ASSAY – DC MATURATION
HUMAN CELL LINE BASED
MONOCYTE DERIVED DENDRITIC CELLS
Dendritic cells (DCs) are the star antigen presenting cells (APCs) of myeloid or haematopoietic origin that play a key role between the innate and adaptive immune systems. DCs are pivotal in the T cell mediated T-helper response to MHC ClassII-Ag complex, and also cross presenting via the MHC ClassI pathway. They consist of receptors for pathogen and danger associated molecular patterns e.g. TLRs.
In vitro Dendritic Cell (DC) Maturation Studies
We generate DCs from a human monocytic cell line (also from primary monocytes or haematopoietic cells). These cells express CD11c, HLA-DR, CD80, CD86, SIRPa, CD14 and can be used in mono or co-cultures to study drug effects for DC maturation and various DC related outcomes.
The DCs can be characterised by flow cytometry, immunohistochemistry and microscopy and also through cytokine measurements. We can perform assays with a T cell line for immune functional studies.

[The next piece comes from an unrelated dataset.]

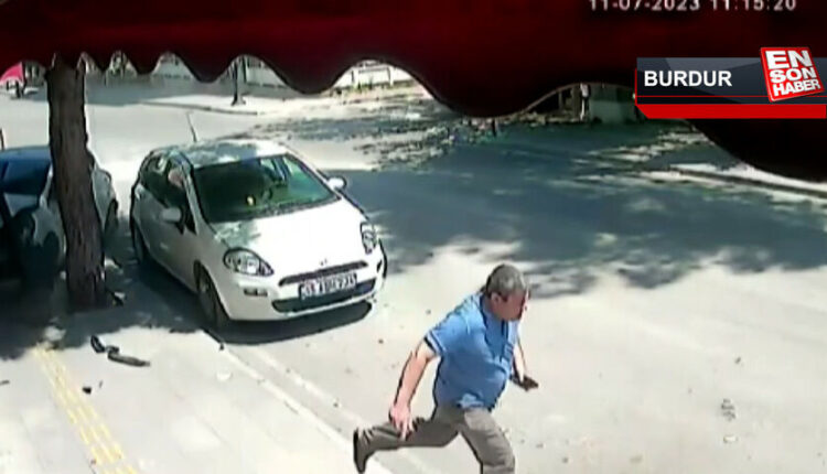 Bei der Kollision zwischen einem Polizeifahrzeug in Zivil und einem Auto in Burdur kam es zu einem Unfall, bei dem ein Bürger in letzter Minute dem Überfahren durch das Auto entkam.

DCs are very important in studies of various therapeutic areas and biological pathways:
- Tumour biology and oncology
- Wound healing
- Inflammatory and autoimmune conditions
- Cardiovascular disease
- Tissue damage and cell death
In recent years much attention has been given to in vitro DC based models in cancer studies.
Human Cell Line-Based Approach
We offer all our assays with PBMCs and with human cell lines. We use myeloid and lymphocytic cell lines for various immune response assays such as dendritic cell maturation, T cell activation, phagocytosis, etc. We are among the few groups who can generate and demonstrate the use of dendritic cells and macrophages (including M1 and M2) from monocytic cell lines and T cells in activation studies. Conventionally dendritic cells are generated from primary monocytes or bone marrow and T cells or monocytes are separated from primary PBMCs from human donors. The use of cell lines in the initial stage offers a consistent reference assay prior to using primary human cells. Primary human cells used in the initial stage can be variable, expensive, time consuming, and often inconclusive.